Five buildings in Nairobi seized over rate arrears

What you need to know:

  • The city government, which is owed Sh12 billion, is targeting to squeeze Sh200 million from 150 properties.

  • Tenants of the five buildings will now have to pay rent directly to City Hall until the county recovers its debt.

Nairobi County government has taken control of five buildings within the city’s Central Business District (CBD) to recover rate arrears owed to it.

Four are prime properties on Moi Avenue, one of the CBD’s major roads, while the fifth is on the nearby Tom Mboya Street.

City Hall has also threatened to take over other properties whose owners owe millions in unpaid rates in what it is calling ‘Operation Clampdown’.

The government, which is owed Sh12 billion, is targeting to squeeze Sh200 million from 150 properties in the next one month.

The first casualties are City Printing Works Ltd, Leo Investment Ltd, P&L Investment Ltd and Princely House Ltd, who own premises along Moi Avenue, and Brighton Investment Ltd, which has property on Tom Mboya Street.

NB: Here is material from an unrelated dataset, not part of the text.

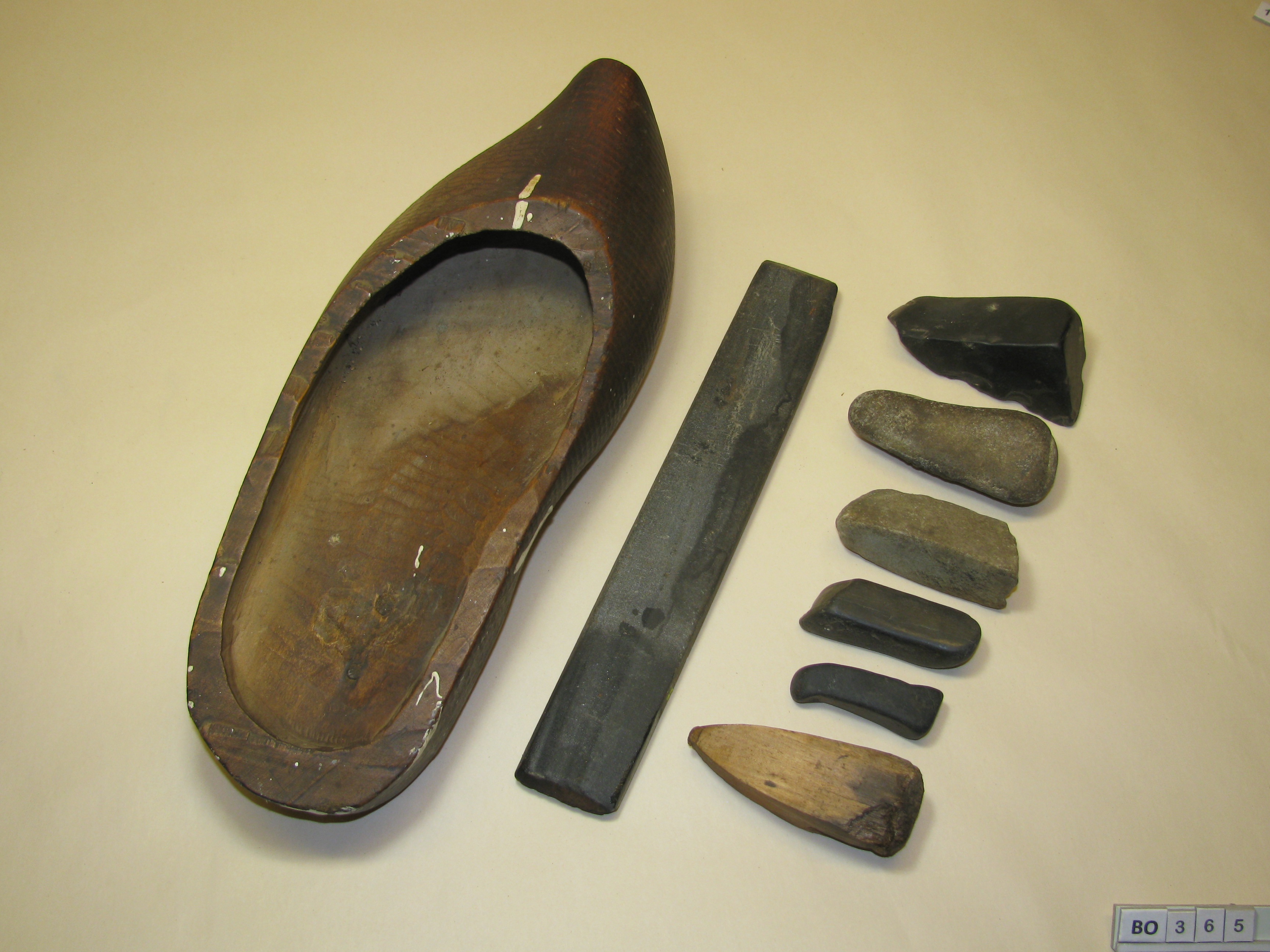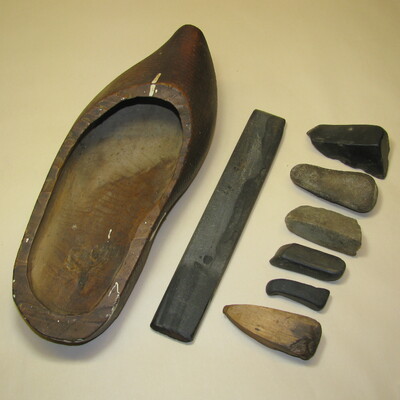 Klomp zonder hak als houder aan de wand om in de kap wet- en slijpsteentjes te bewaren (verschillende vormen), en 1 houten exemplaar. Bruin, grijs.

Tenants in their buildings will now have to pay rent directly to City Hall until the county recovers its debt according to the provisions of the Ratings Act. The County will also impose a three per cent interest penalty on the defaulted amounts.

Speaking to journalists yesterday, County Executive Committee Member for Finance Mr Gregory Mwakanongo said the county had given building owners enough time to pay up before resorting to taking over the buildings.

“Last year, we gave property owners up to 90 per cent waivers on accrued interest (and as a result) we collected Sh780 million,” he said.

Mwakanongo stressed that those who refused to pay, even after the waiver expired, were the ones being targeted.

Another operation will be conducted on Thursday morning. The operation will be extended to the outskirts of the city from January next year.

This comes even as a report on revenue and expenditure for the first quarter of the year cast doubt on whether the county will meet its revenue estimates. City Hall collected Sh158 million between July and September, less than five per cent of the Sh3.7 billion targeted for the whole financial year.

Mr Mwakanongo, however, said this was normal as the county expected to raise most of its revenue from rates in December when businesses renew permits.